### Work item
Below is a listing. Return the lines from the one that contains "Forged Blue Metallic" to the one that contains "La Motilla del", both ends included, verbatim and with no pictures.
Top of Task input
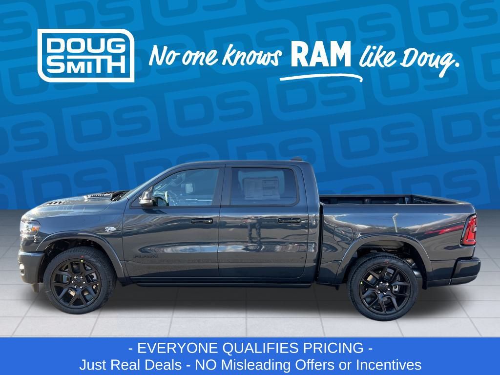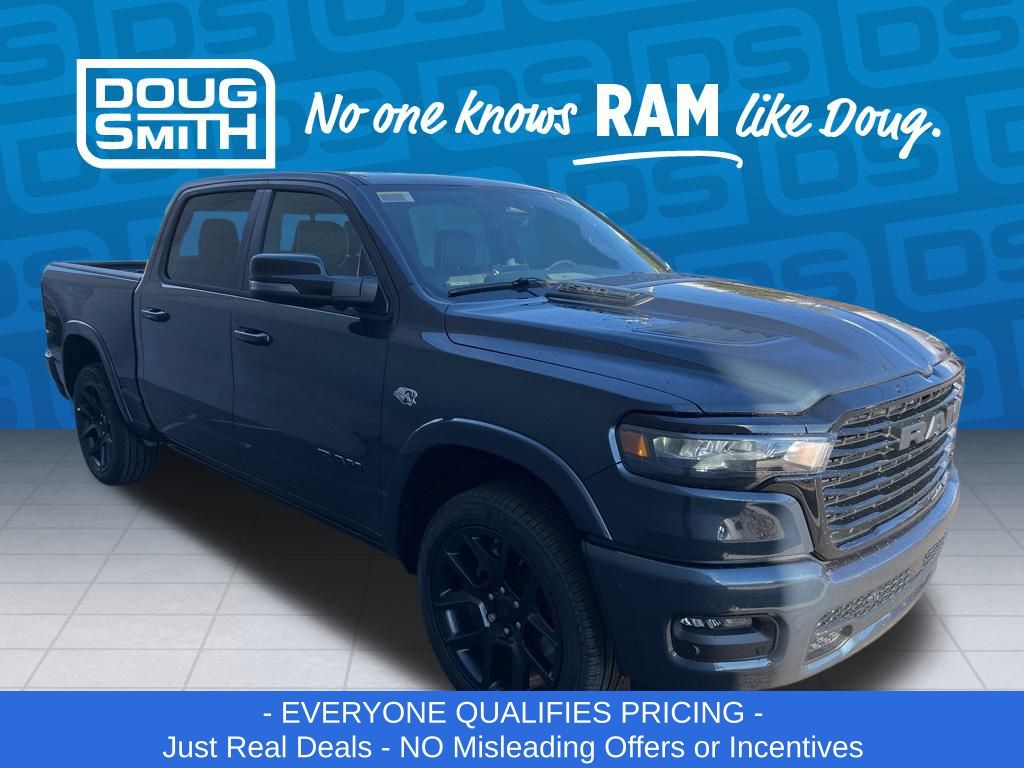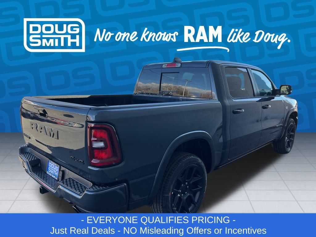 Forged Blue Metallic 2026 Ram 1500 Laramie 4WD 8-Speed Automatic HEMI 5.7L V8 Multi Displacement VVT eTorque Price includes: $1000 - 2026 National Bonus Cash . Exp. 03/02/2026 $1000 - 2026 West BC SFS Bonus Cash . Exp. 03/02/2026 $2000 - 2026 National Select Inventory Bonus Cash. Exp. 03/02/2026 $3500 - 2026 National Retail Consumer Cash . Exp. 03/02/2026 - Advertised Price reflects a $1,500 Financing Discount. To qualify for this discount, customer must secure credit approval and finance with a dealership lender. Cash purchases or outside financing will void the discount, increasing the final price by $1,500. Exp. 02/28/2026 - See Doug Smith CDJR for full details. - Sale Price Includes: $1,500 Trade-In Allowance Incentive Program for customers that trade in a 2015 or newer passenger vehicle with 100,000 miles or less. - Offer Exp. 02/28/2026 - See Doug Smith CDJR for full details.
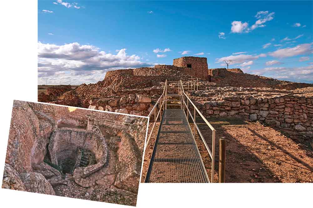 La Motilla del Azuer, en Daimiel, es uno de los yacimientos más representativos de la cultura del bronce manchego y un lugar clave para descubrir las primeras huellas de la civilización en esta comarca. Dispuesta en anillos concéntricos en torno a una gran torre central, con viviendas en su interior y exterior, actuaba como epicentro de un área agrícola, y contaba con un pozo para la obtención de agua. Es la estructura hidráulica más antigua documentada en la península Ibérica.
Bottom of Task input
Top of Task input
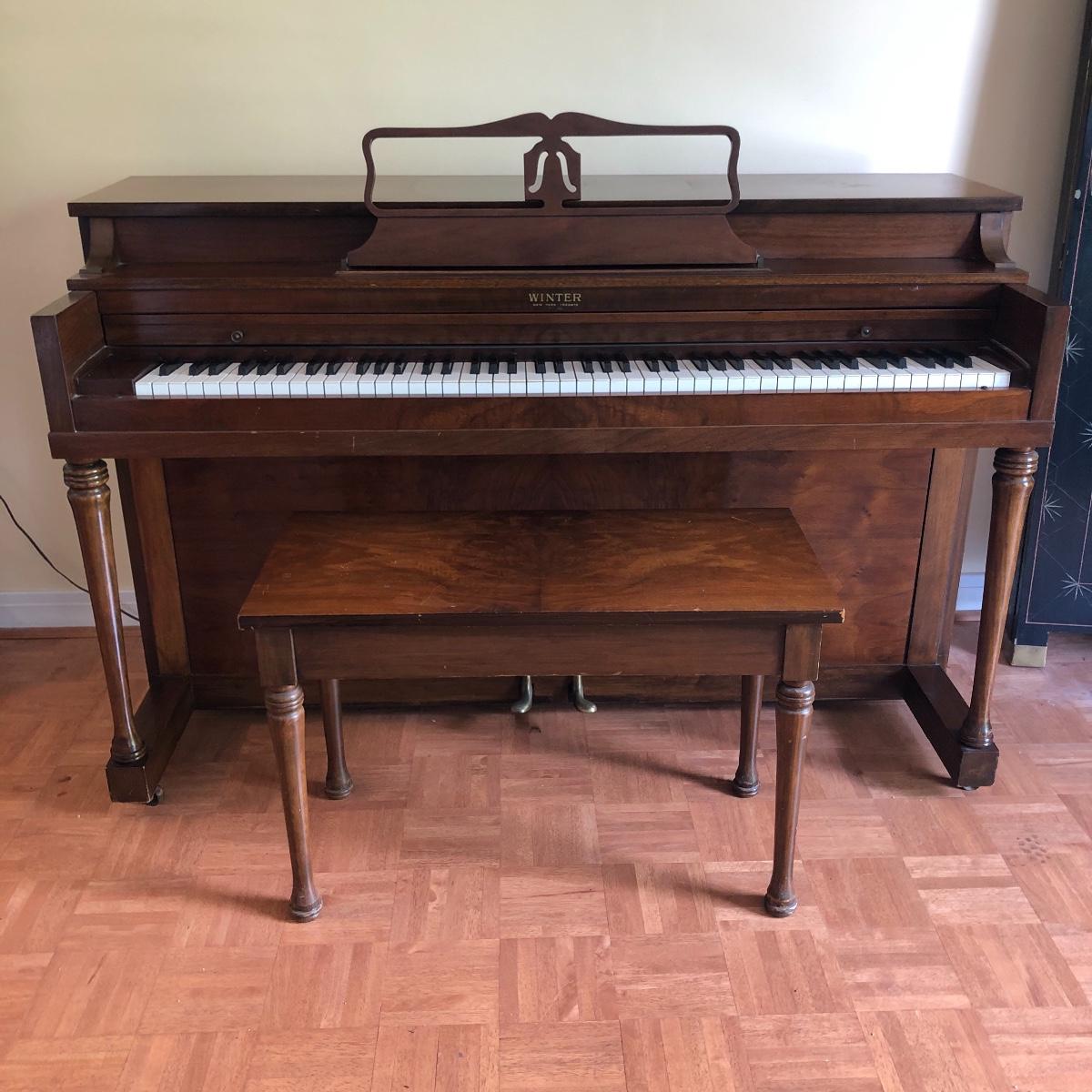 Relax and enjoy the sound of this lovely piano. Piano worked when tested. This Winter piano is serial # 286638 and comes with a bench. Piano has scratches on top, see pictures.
Bottom of Task input
Top of Task input
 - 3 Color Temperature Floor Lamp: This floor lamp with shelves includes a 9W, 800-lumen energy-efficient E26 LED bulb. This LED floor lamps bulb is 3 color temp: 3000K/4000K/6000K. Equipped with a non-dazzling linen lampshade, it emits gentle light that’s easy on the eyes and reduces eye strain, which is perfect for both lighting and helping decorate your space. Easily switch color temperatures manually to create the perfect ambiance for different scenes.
Bottom of Task input
### Result
 Forged Blue Metallic 2026 Ram 1500 Laramie 4WD 8-Speed Automatic HEMI 5.7L V8 Multi Displacement VVT eTorque Price includes: $1000 - 2026 National Bonus Cash . Exp. 03/02/2026 $1000 - 2026 West BC SFS Bonus Cash . Exp. 03/02/2026 $2000 - 2026 National Select Inventory Bonus Cash. Exp. 03/02/2026 $3500 - 2026 National Retail Consumer Cash . Exp. 03/02/2026 - Advertised Price reflects a $1,500 Financing Discount. To qualify for this discount, customer must secure credit approval and finance with a dealership lender. Cash purchases or outside financing will void the discount, increasing the final price by $1,500. Exp. 02/28/2026 - See Doug Smith CDJR for full details. - Sale Price Includes: $1,500 Trade-In Allowance Incentive Program for customers that trade in a 2015 or newer passenger vehicle with 100,000 miles or less. - Offer Exp. 02/28/2026 - See Doug Smith CDJR for full details.
 La Motilla del Azuer, en Daimiel, es uno de los yacimientos más representativos de la cultura del bronce manchego y un lugar clave para descubrir las primeras huellas de la civilización en esta comarca. Dispuesta en anillos concéntricos en torno a una gran torre central, con viviendas en su interior y exterior, actuaba como epicentro de un área agrícola, y contaba con un pozo para la obtención de agua. Es la estructura hidráulica más antigua documentada en la península Ibérica.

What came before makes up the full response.